Davacı, paydaşı olduğu taşınmazların ehliyetsizlik, hata ve hile ile davalı yeğeni tarafından elinden alındığını ve satıldığını iddia ederek tapu kayıtlarının iptal edilmesi ve gerçek değerlerinin tespitiyle payına isabet eden miktarın tahsili için dava açmıştır. Ancak, mahkeme davayı hak düşürücü süre içerisinde açılmadığı gerekçesiyle reddetmiştir. Davacı ise karara temyiz itirazında bulunmuştur. Kararda, hile (aldatma) kavramı açıklanmış ve aldatmanın öğrenildiği tarihten itibaren bir yıllık hak düşürücü süre içerisinde iptal hakkının kullanılabileceği belirtilmiştir. Mahkemenin yanılgılı değerlendirmesi nedeniyle kararın bozulması gerektiği belirtilerek, kanun maddesi ve karar numaraları verilerek kararın açıklanmasına son verilmiştir.

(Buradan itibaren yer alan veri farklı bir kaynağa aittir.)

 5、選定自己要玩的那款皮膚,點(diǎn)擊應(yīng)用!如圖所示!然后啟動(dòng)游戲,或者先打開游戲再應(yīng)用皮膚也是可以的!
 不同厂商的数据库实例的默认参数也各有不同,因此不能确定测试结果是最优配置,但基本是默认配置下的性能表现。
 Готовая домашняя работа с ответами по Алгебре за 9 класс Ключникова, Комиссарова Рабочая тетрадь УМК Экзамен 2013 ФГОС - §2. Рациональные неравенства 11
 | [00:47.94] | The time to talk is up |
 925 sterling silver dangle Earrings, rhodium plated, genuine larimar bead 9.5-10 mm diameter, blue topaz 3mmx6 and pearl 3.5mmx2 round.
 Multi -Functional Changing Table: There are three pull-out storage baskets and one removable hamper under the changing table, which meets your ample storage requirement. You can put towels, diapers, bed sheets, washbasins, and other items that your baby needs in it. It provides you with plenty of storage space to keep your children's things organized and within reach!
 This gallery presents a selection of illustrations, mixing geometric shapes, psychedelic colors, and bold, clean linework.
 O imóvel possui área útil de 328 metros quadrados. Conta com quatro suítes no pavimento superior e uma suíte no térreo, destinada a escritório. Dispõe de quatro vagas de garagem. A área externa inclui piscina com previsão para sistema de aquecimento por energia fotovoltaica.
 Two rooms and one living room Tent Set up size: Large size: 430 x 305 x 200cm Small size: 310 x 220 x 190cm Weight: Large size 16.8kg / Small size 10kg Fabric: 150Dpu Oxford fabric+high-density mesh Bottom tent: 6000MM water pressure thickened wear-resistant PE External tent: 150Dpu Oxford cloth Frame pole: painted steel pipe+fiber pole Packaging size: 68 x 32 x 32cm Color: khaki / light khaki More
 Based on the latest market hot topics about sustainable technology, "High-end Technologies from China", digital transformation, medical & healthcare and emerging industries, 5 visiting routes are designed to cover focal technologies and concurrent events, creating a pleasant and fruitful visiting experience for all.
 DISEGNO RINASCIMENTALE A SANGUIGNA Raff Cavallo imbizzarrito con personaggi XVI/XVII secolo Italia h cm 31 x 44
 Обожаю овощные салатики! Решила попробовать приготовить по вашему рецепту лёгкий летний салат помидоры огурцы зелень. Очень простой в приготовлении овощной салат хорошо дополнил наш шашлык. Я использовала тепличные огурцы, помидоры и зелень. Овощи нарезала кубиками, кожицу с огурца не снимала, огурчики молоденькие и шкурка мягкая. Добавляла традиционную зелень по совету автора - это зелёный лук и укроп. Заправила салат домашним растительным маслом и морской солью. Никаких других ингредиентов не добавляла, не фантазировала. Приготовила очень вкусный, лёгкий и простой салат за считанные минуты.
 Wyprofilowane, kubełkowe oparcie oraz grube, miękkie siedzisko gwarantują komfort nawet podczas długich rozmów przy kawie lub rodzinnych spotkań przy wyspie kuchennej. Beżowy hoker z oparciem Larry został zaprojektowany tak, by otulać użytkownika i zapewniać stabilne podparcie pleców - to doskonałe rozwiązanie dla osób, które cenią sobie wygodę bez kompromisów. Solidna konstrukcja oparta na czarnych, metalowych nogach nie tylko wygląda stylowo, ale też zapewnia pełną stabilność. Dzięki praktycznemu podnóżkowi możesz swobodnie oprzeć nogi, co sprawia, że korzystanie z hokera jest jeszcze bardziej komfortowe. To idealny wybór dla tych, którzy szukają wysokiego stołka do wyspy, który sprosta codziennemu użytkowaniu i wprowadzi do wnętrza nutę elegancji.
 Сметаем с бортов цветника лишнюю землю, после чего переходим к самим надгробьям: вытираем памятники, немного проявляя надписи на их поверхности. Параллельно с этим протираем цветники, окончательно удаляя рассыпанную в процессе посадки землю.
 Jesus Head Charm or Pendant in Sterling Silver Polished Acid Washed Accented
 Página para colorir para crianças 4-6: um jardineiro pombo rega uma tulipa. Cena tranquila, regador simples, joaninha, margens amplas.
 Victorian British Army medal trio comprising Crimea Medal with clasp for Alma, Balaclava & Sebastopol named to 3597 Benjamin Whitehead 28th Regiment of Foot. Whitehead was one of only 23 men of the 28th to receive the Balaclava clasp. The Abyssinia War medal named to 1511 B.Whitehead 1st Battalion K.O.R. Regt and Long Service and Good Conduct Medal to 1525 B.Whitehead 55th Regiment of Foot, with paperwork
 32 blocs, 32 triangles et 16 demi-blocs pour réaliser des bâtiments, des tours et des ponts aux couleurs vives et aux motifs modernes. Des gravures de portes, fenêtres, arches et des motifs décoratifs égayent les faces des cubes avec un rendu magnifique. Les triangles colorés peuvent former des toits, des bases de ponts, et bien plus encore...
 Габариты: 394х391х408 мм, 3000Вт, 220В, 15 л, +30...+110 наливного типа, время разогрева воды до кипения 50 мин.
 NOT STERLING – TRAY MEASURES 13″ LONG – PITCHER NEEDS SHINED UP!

Kanun maddeleri: Türk Borçlar Kanunu 39/1, Hukuk Muhakemeleri Kanunu 428.
1. Hukuk Dairesi         2015/16190 E.  ,  2018/12766 K.

    "İçtihat Metni"

    MAHKEMESİ :ASLİYE HUKUK MAHKEMESİ



    Taraflar arasında görülen tapu ipt...... ve tescil-tazminat davası sonunda, yerel mahkemece davanın hak düşürücü süreden reddine ilişkin olarak verilen karar davacı vekili tarafından yasal süre içerisinde temyiz edilmiş olmakla dosya incelendi, Tetkik Hakimi ...’ın raporu okundu, açıklamaları dinlendi, gereği görüşülüp düşünüldü;


    -KARAR-

    Dava, “aldatma (hile) ” hukuksal nedenine dayalı tapu ipt......-tescil olmazsa tazminat isteğine ilişkindir.
    Davacı, kayden paydaşı olduğu 11503 ada 2 ve 11504 ada 16 parsel sayılı taşınmazlarının ehliyetsizlik, hata ve hile ile ve kendisinin okuma yazma bilmemesinden yararlanan davalı yeğeni ... tarafından, aile arasında miras paylaşımının gündemde olduğu bir dönemde, "miras paylaşımı için bana vekalet vermen gerekiyor" diye kandırılması sonucu kendisinin vekaletname verdiğini zannettiğini, yapılan işlemin ne olduğunu anlamadığını, çocuklarının yaptığı araştırma sonucunda söz konusu taşınmazların davalıya satış suretiyle temlik edildiğini öğrendiklerini, taşınmazları veya bedelini davalı ...’den talep ettiklerini,ancak kötüniyetli olan ......’nin söz konusu taşınmazları 08/10/2014 tarihinde diğer davalı ...’e hileli ve muvazaalı bir şekilde sattığını ileri sürerek dava konusu taşınmazların tapu kayıtlarının ipt...... ile adına tesciline, olmadığı takdirde taşınmazların gerçek değerinin tespiti ile payına isabet eden miktarın davalılardan tahsiline karar verilmesini istemiş, yargılamanın devamı sırasında sunulan 15.04.2015 tarihli dilekçesi ile ehliyetsizlik iddiasının olmadığını 30.09.2015 tarihli celsede de iddialarının "hile" olduğunu bildirmiştir.
    Davalı ..., dava konusu taşınmazı tapuya güven ilkesi gereğince satın aldığını, davacı iddialarının resmi senetle yapılmış olan satışa karşı ileri sürdüğüne göre resmi senetle aksinin ispatı gerektiğini belirterek, diğer davalı ... de dava konusu taşınmazda paydaş olan davacının payını kendisine sattığını, HMK gereği davacının iddialarının resmi senetle ispatı gerektiğini belirterek davanın reddini savunmuşlardır.
    Mahkemece, TBK"nın 39. maddesi gereğince davanın hak düşürücü süre içerisinde açılmadığı gerekçesi ile reddine karar verilmiştir.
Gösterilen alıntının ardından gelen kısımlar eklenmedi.